You can take the guidance of a nurse or doctor to teach you the correct technique. Kegel exercises can be done at any time of the day. Just 5 minutes of Kegel exercises, three times a day will do a lot of good to your bladder control. These exercises can be done while at work, watching TV or even walking.

After identifying the pelvic floor muscles, embark on kegel exercise after you have emptied your bladder. Contract the pelvic floor muscles for about 10 seconds. Relax. Repeat this about 5 times. Continue to breathe normally while exercising. Do not flex the muscles of the thighs or buttocks.

Benefits of Kegel exercises

Dr. Kegel initially conceptualized these exercises for women after childbirth. Women with urinary incontinence are asked to practice Kegel's exercises regularly to increase bladder control. Conditioned pelvic muscles can help in easier childbirth. The toned musculature of the pelvic region can make for an easier vaginal delivery.

You can prevent prolapse of pelvic organs. Women often suffer from pelvic organ prolapse due to pregnancy, childbirth, stress incontinence and obesity. A uterine prolapse can occur when the ligaments that hold the uterus to the wall of the pelvis become weak. This can lead to discomfort and incontinence.

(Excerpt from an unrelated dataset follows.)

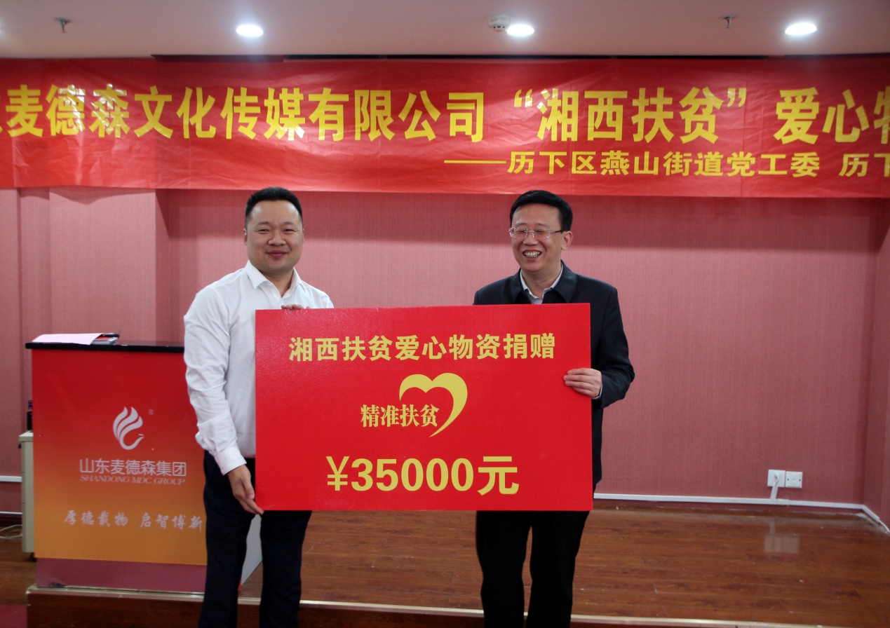 坚决打赢脱贫攻坚战,是党的十九大提出的明确要求。2018年,历下区燕山街道办事处开展精准扶贫行动,我集团积极参与“万企帮万村”扶贫活动,结对帮扶湘西州永顺县青坪镇洞坎河村。2019年1月,王勇博士在“湘西扶贫”爱心物资捐赠仪式上捐赠爱心物资35000元。

Women who have a prolapsed uterus would benefit from kegels exercise. This condition occurs in women whose pelvic muscles are not very strong; more noticed in women who have had normal childbirth and postmenopausal women. It can also result from heavy lifting.

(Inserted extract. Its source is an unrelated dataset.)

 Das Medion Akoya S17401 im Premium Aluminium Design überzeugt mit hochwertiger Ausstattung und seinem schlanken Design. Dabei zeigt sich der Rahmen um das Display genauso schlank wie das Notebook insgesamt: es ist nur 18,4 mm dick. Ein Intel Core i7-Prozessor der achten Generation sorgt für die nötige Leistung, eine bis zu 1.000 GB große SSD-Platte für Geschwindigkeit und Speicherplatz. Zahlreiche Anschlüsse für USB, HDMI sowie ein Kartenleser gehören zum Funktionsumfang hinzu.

Kegel exercises strengthen the inner walls of the vagina and increase the blood flow to the genital area thereby increasing the pleasure of intercourse for men and women. Regular practice of kegels helps prevent hemorrhoids. Besides the tactile sensation of a tighter vagina, doing kegels improves blood flow to the pelvic region. Improved blood flow also aids healing after childbirth.